1½ lbs turkey tenderloin filets
¼ c mirin
¼ c soy sauce
2 tbsp sesame oil
2 garlic cloves, finely chopped
2 qter-size slices fresh ginger, finely chopped
6-inch bamboo skewers
Canola oil, for the grilling meat
2 tbsp rice wine vinegar
2 tbsp dry white wine
½ small shallot, finely diced
2 shiso leaves, chopped or 1¼ tsp shiso powder, divided
1 tbsp cold water
3 large egg yolks
¾ c unsalted butter, room temperature
1 tsp kosher salt
¼ tsp togarashi pepper
½ lime Juice of
Prepare Turkey: Cut the turkey across the grain into 1/4-inch-thick slices. Combine the mirin, soy, sesame oil, garlic and ginger in a small bowl. Toss the meat in the marinade and let the turkey marinate at room temperature for 30 minutes or refrigerate for up to 1 hour. Alternatively, use an instant marinator.
Grill Meat: Heat a ridged grill pan on high heat. Brush the grill with canola oil. Arrange the sliced turkey on the grill turning once-until nicely browned all over, 5 minutes. Transfer the turkey onto a sheet pan in a single layer. Skewer the turkey onto a bamboo skewer and place onto a sheet pan. Cover with foil until ready to serve.
Make Reduction: In a small sauce pan combine the vinegar, wine, shallot and 1 chopped shiso leaf (or 1 teaspoon of the shiso powder). Vigorously simmer over medium high heat until reduced to just about 1 teaspoon, about 3-4 minutes. Remove from the heat and strain through a fine mesh strainer into a medium metal bowl. Add the cold water and egg yolks to the reduction then whisk until well combined. Rinse out the sauce pan and fill it with about 2 inches of water. Return pan to medium heat and bring up to a simmer then turn heat to lowest setting possible.
Make Sauce: Place the bowl over the saucepan of barely simmering water. Whisk the egg yolks vigorously until they become pale and fluffy. While whisking, slowly start adding the butter, a tablespoon at a time, whisking vigorously until butter is absorbed before adding more. Continue until all of the butter is incorporated and the sauce is frothy. If at any point the eggs start looking scrambled, remove the bowl from the heat and continue off heat. Periodically place the bowl back over the heat to keep sauce warm.
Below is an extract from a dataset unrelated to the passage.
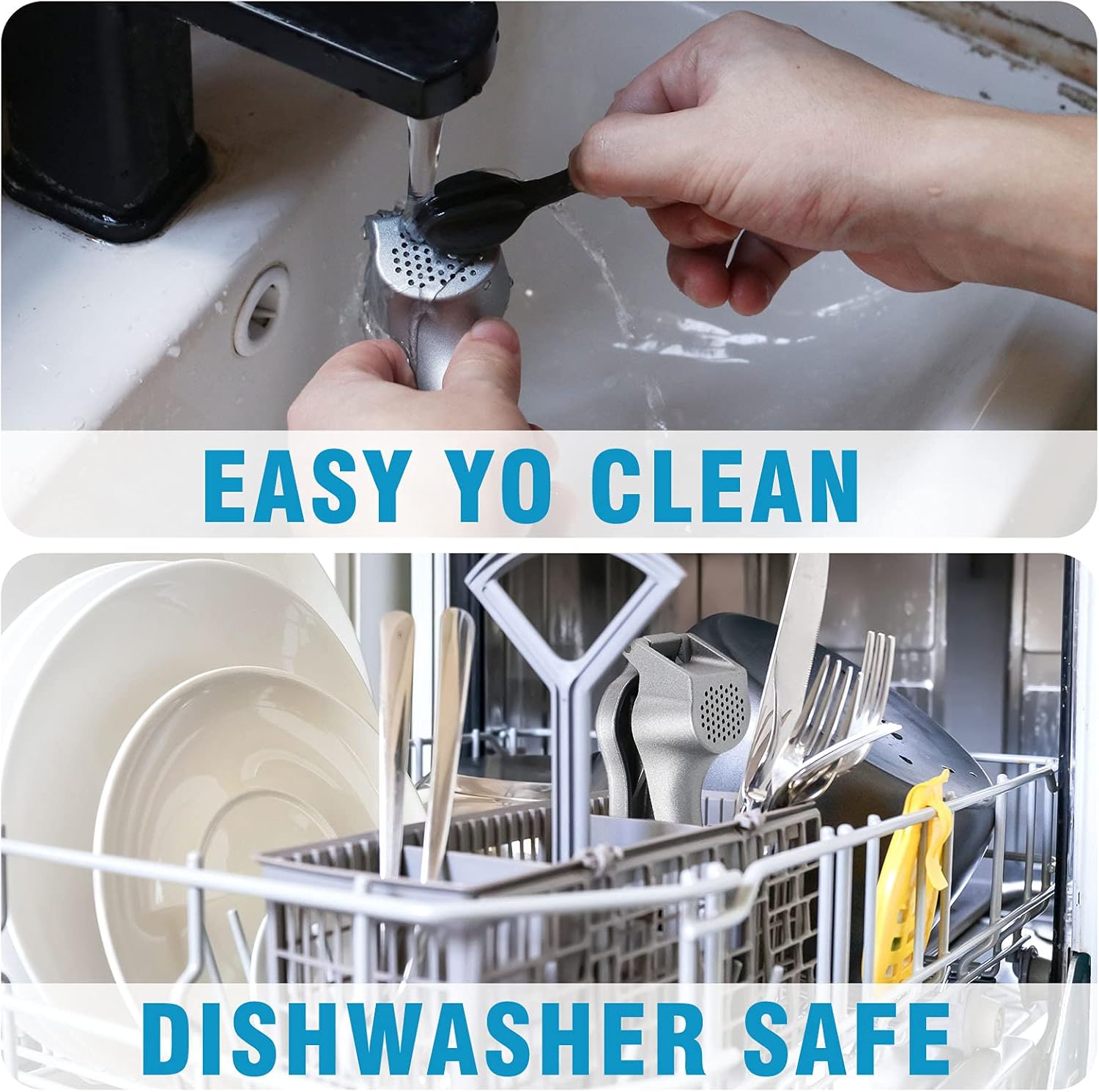 • 【EASY TO CLEAN】 With the design of non-stick surface, simply rinse your garlic mincers under running water or place in dishwasher for thorough cleaning. The brush provided in the package can also assist in cleaning. Clean up could not be any easier. Cleaning tool stores in the handle so it wont get lost.

Once all of the butter has been whisked in, strain sauce through a fine mesh strainer into a clean bowl. Add the salt, togarashi, lime juice and the remaining chopped shiso leaf (or ¼ tsp shiso powder). Turn flame off on the pan water and place the bowl back on top to keep warm until ready to serve.
Serve: Transfer the sauce into a decorative bowl and sprinkle with togarashi for garnish. Serve immediately with the steak skewers. Alternatively, sauce can be drizzled over the turkey.